Substance abuse is a leading cause of relationship problems. That’s not to say that all substance use is “bad” but there is definitely a line at which one must examine level of intake and decide whether or not it is problematic.
Identifying Problem Usage
If you or your partner is wondering whether one of you has a substance abuse problem, there are some simple questions you can consider which may help you decide.
- Do I use more than I intend to at times?
- Are other people concerned that I use too much?
- Do I feel anxious or distressed if I cannot use as often or as much as I’d like?
- Has my use impacted my relationships with others?
- Have I had legal issues or employment problems as a result of my substance use?

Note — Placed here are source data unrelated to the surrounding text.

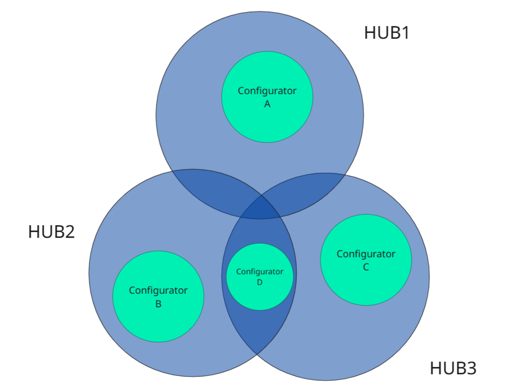 As previously described, every configurator can create quotes in any hub (see the quoteHubName property). In the following example, configurator A, B and C create quotes in their dedicated hubs, but configurator D creates quotes in HUB2 and HUB3. This allows you to create quotes from different configurators, but ensure the same number sequence described in the next section.
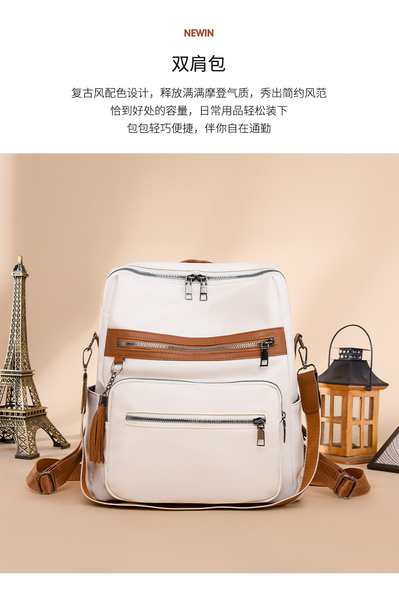 숙녀 배낭 2024 새로운 대용량 pu 복고풍 캐주얼 배낭 컬러 대비 배낭 여성 가방 도매스토어 가기
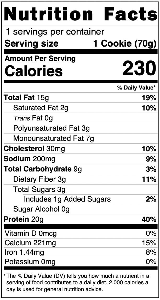 Ingredients: All-natural almond butter, Peanut butter powder, Stevia, Whey-Casein Protein Blend, Egg, Ground Cinnamon, Ginger, Nutmeg.
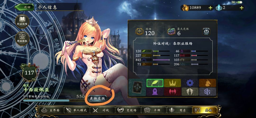 五:在其他——个人信息里,选择职业可以更换默认皮肤。
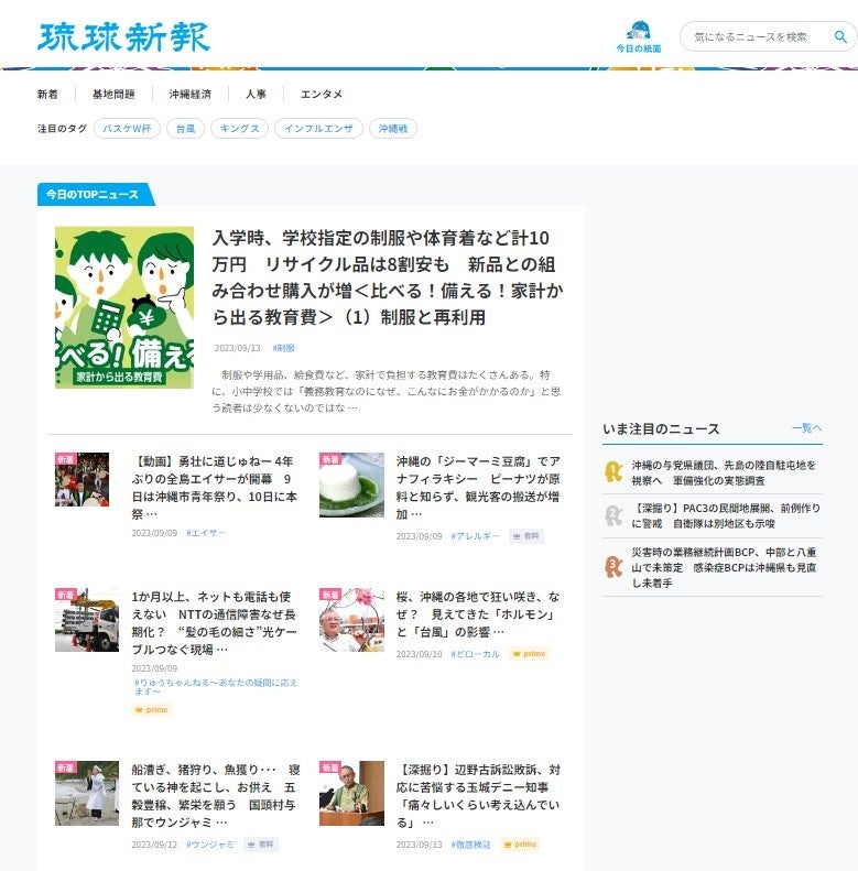 新たなサイトのデザインは、沖縄をイメージさせるさわやかな青を基調にしました。琉球新報のキャラクター「りゅうちゃん」の色合いをちりばめた紅型風の帯をサイトトップに配しています。

- Do I have withdrawals when I do not use?
- Have I tried to quit and was unable to do so?
As you explore substance use patterns, consider the following factors to identify some of the possible effects on your relationship.
When substance abuse impacts a relationship, it creates a level of resentment between the couple. The person using may feel as if their partner is trying to control them by asking them to reduce or quit usage.
The non-substance abuser may feel resentment regarding their partner’s inability to control their usage. Additional resentments may build because of the impact on relationships with family and friends or possibly health and economic issues.
Substances become the priority:
If substance abuse becomes more advanced, it can begin to take over the user’s priority list. When this happens, the other person may feel as if the alcohol or drug is more important than the relationship, which creates further distance.
Hiding, lies and deception:
Confrontation about substance abuse between couples can lead to hiding or lying about use. As the attempts at hiding or lying become more significant, the greater the gap grows between the two people. When dishonesty is discovered, as it inevitably will be, the trust that has been lost is even more difficult to regain.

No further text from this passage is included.